L’étude de la valse et de ses appropriations vient proposer une alternative à la dichotomie savant/populaire. Que ce soit pour les orchestres travaillant le « song book » de la White Star Line, les compositeurs de musiques savantes de l’Europe centrale et orientale qui firent « appel à des musiques populaires pour légitimer leur œuvre » (p. 32), les orchestres de jazz symphonique américains et britanniques qui jouèrent « un rôle important dans le maintien de la valse […] dans le répertoire des bals » (p. 91), la recherche de Francfort sur les appropriations musicales de la valse illustre une certaine plasticité entre des genres que le regard et l’étude a posteriori peuvent avoir tendance à amenuiser voire à annihiler [7]. Au vu de ce panorama, « le doute sur la nature populaire ou savante de la valse » (p. 37) est permis, et l’ouvrage cherche moins à répondre à cette question qu’à souligner les interstices partagés par les musiques, par le truchement des interprètes mais aussi par les espaces sociaux qui les rassemblent.
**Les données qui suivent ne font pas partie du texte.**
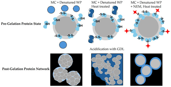 Schematic representation of the protein states before and after the acid-induced gelation of micellar casein-based systems. The upper row illustrates the structural organization of micellar casein (MC), denatured whey proteins, and their interactions prior to gelation under different treatments. NEM blocks free thiol groups as indicated by red stars. The lower row shows the resulting gel microstructures after acidification.
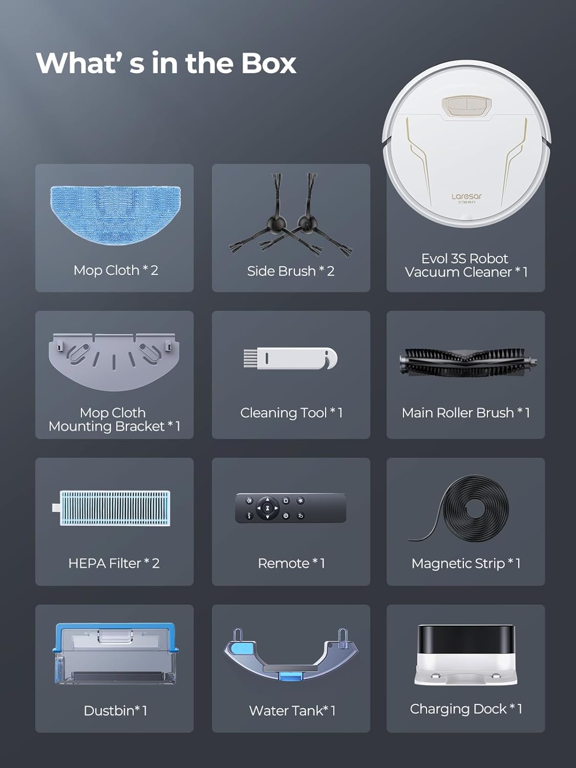 - đ§č ă3-in-1 Reinigung: Kehren, Saugen & Wischenă Ein GerĂ€t, drei Funktionen â der wisch und saugroboter kehrt, saugt und wischt in einem Durchgang, um selbst feinen Staub und hartnĂ€ckige Flecken zu entfernen. Ideal fĂŒr Haushalte mit Kindern oder Haustieren.

Mais si l’on veut chercher comment circulent les sensibilités, les idées et les hommes, il serait vain d’isoler cette valse et de la rattacher à un genre musical ou à un usage social de la musique. Retrouver le fil des circulations, même lorsque les régimes politiques cherchent à les rompre ou à les contrôler, conduit à restituer un espace ouvert de contacts possibles et de proximités humaines et esthétiques. Valse, jazz et tango partagent un espace social collectif, celui du salon mondain, du grand bal, du dancing, selon les époques et les lieux. (p. 33)
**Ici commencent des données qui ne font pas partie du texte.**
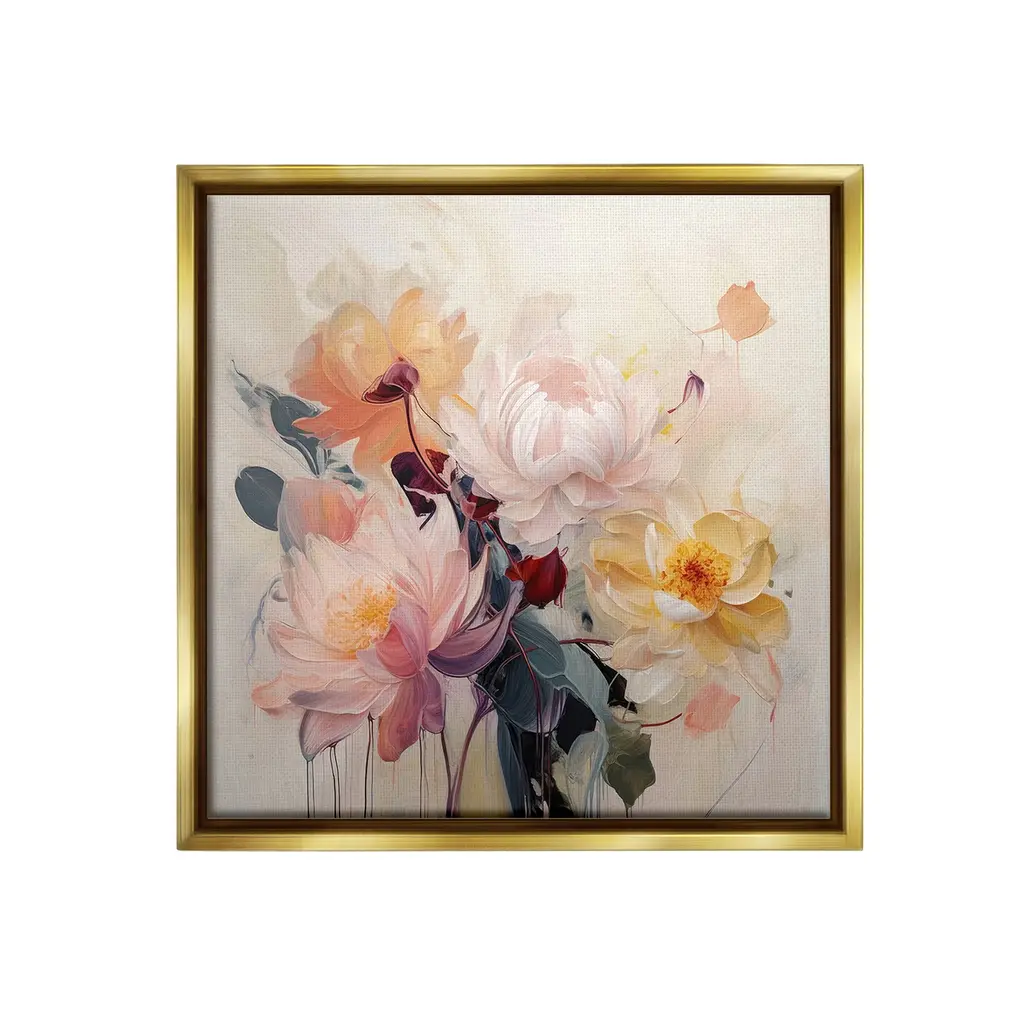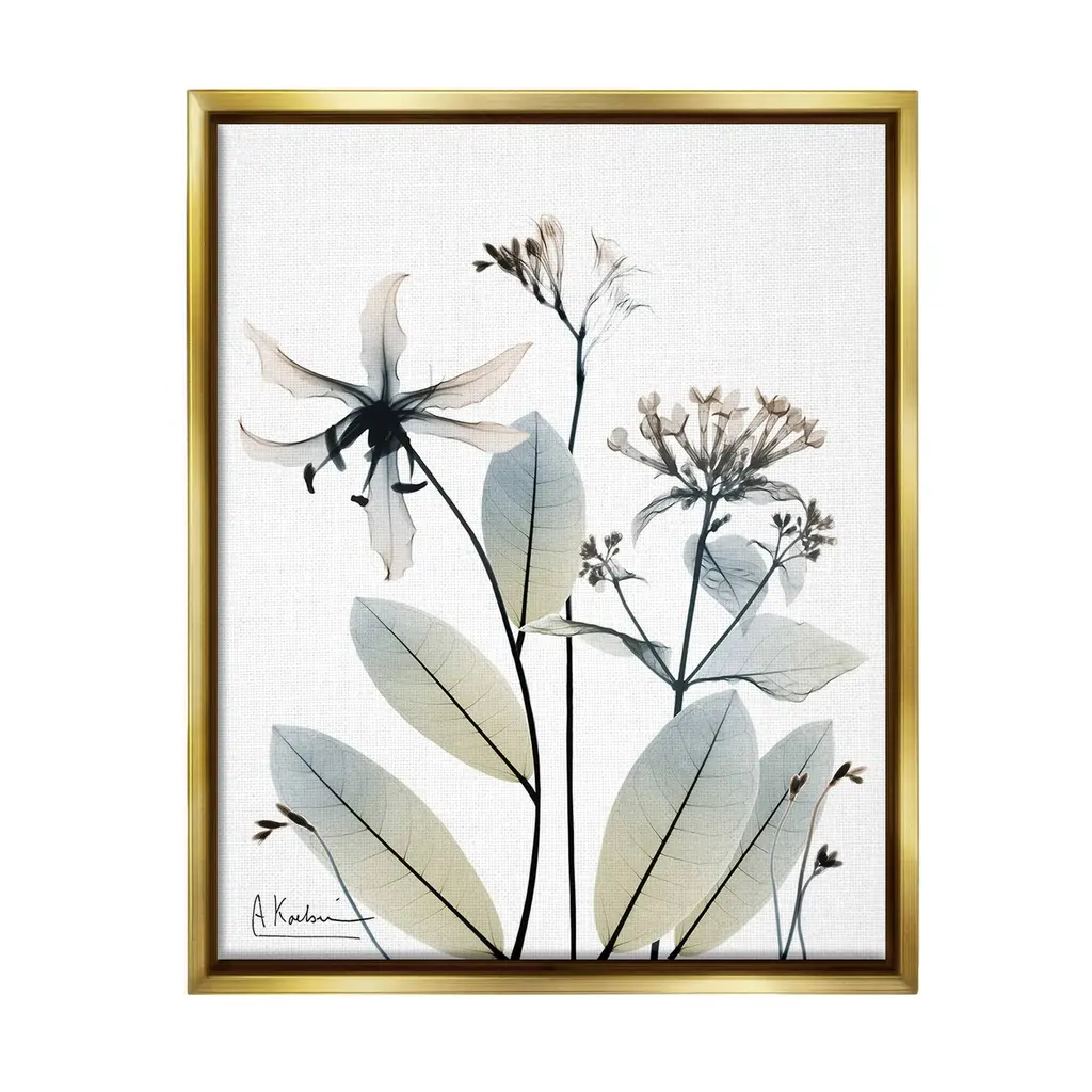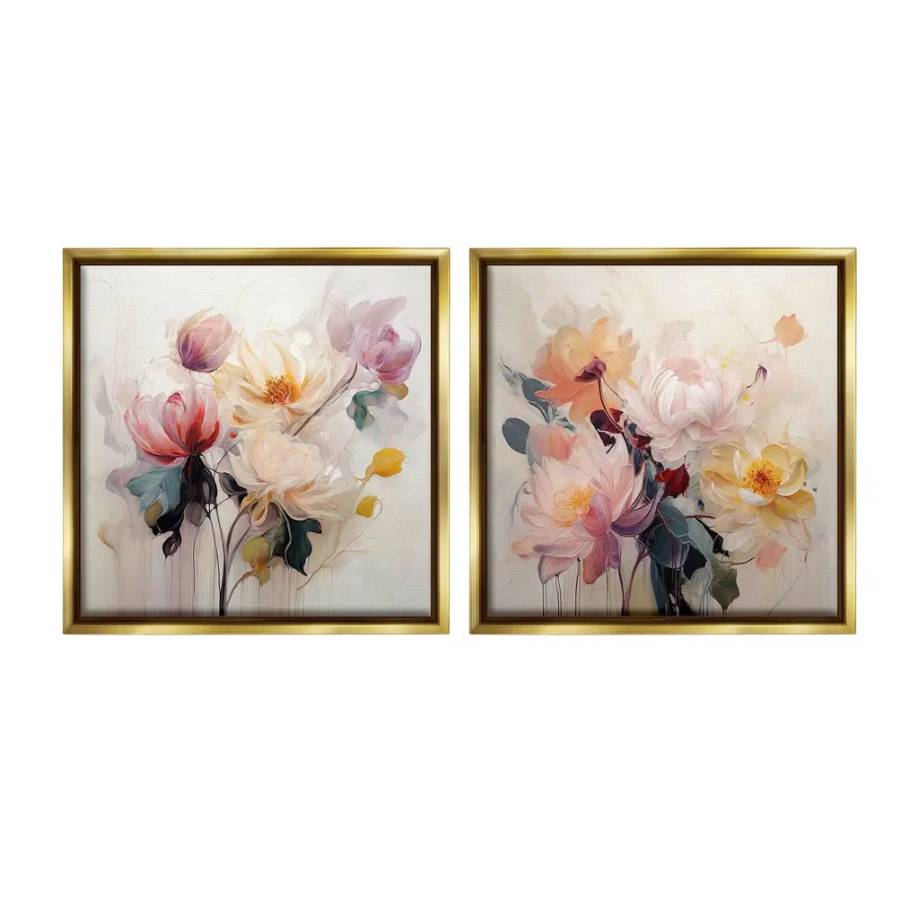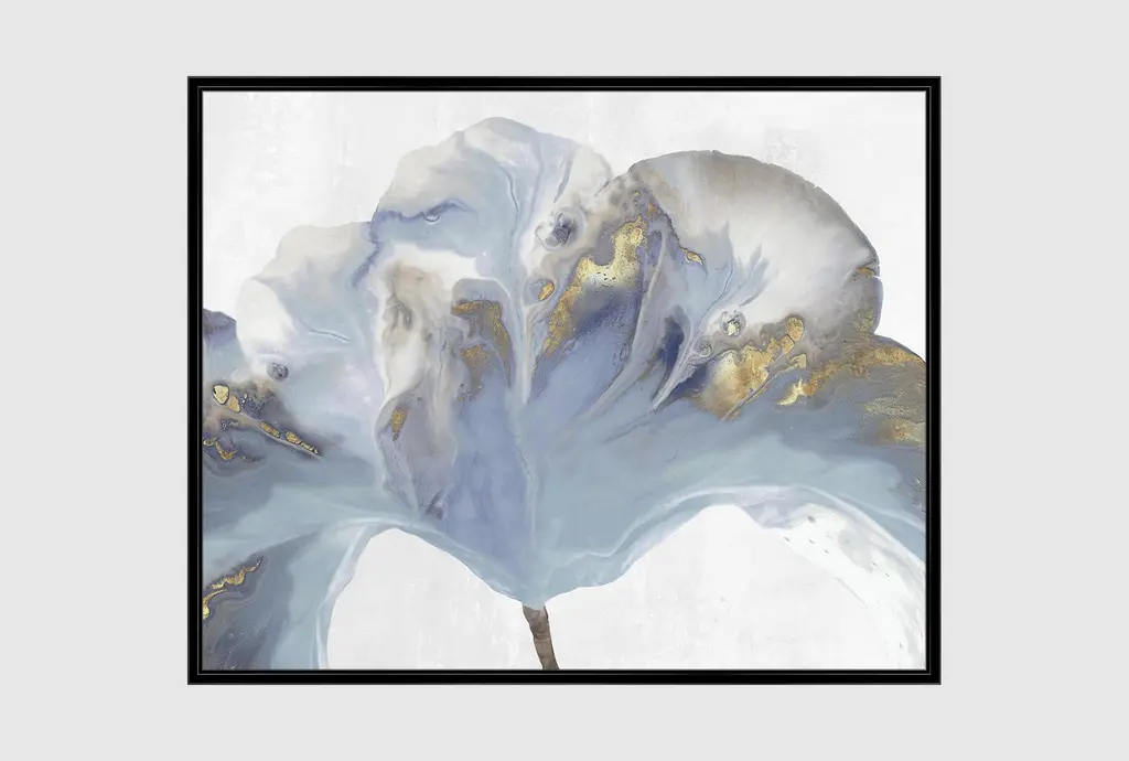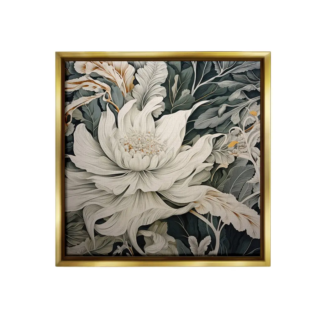 Pristine Petals by artist Thomas Hazlehurst is a magnificent triptych of giclee prints on canvas, coming together to depict gorgeous white florals. The beautiful flower is embellished with traces of both gold leaf and silver leaf, elevating the look with touches of opulence. The panels are held within gold floater frames that may only be displayed in a vertical orientation.

Bien entendu, il ne s’agit pas ici d’évacuer les différences stylistiques. Si, pour l’exemple de l’opérette, il semble vain pour Didier Francfort « d’insister sur des différences stylistiques entre opérette, comédie musicale et opéra-comique » ces différences « font les délices des puristes des genres “légers” » (p. 133). Une des manières de rendre compte de ces différences stylistiques sans les exacerber au point de rendre tout genre musical imperméable à ou aux autres est de les restituer dans le dispositif d’appréciation des amateurs pour lesquels la discussion esthétique est une partie prenante et intégrante de leur plaisir musical.

III. Pour une histoire des musiques « banales »
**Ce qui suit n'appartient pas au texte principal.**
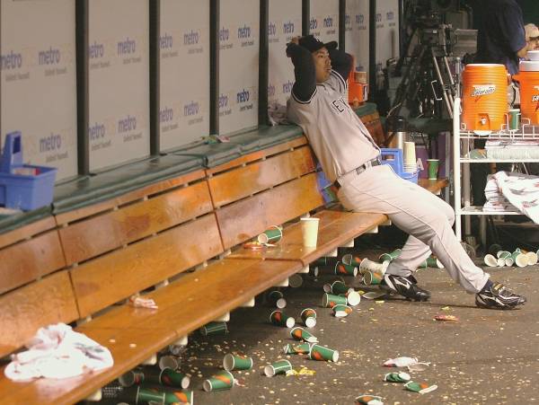 「なんでメジャーのベンチはあんなに汚いんだろ?絶対に考えられんわ。」と言うんで
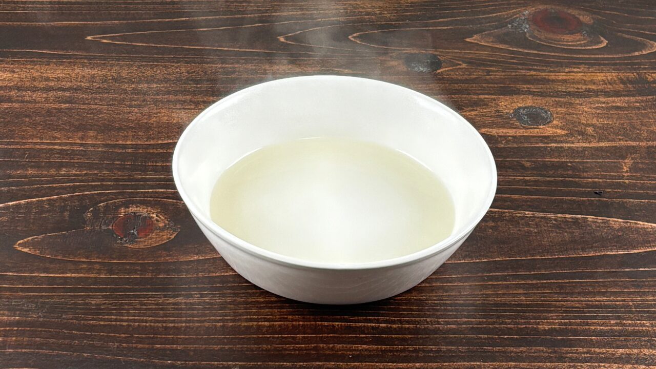 大きめの耐熱容器にみりんを入れ、電子レンジ600w で1分加熱し、冷まします。
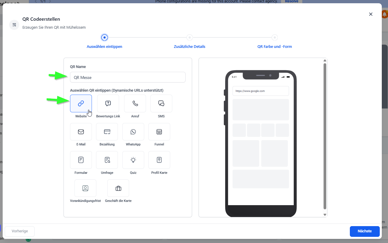 Wähle den QR-Code-Typ aus:
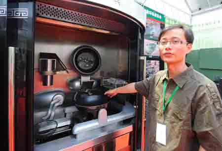 6月14日,2009中國北京國際節能環保展覽會開幕。本屆展覽的主題是“綠色產業、綠色消費”。圖為一名工作人員在介紹一臺名為“烹飪機器人”的機器。
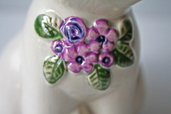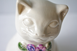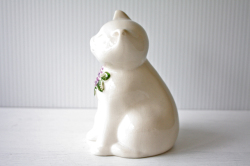 スウェーデン/Rosa Ljungデザインのねこのオブジェです。こちらは真っ白いぷっくりとしたネコちゃんがモチーフでキョトンとした表情で大変愛らしい表情をしています。Rosa Ljungといえばオブジェに必ずお花がついていますが、こちらも胸にパープルのお花がデザインされており華やかです。

Le livre permet aussi de revaloriser une approche historique de la musique, et particulièrement de ce que l’on pourrait appeler des musiques banales (sans que le terme ne soit péjoratif), celles qui ne sont pas des « instruments de mobilisation, ni de résistance, ni de consentement passif » et qui conduisent « à une histoire moins spectaculaire que celle qui peut révéler la complicité d’un musicien avec un régime d’oppression ou avec des idées extrémistes, ou sa résistance » (p. 141).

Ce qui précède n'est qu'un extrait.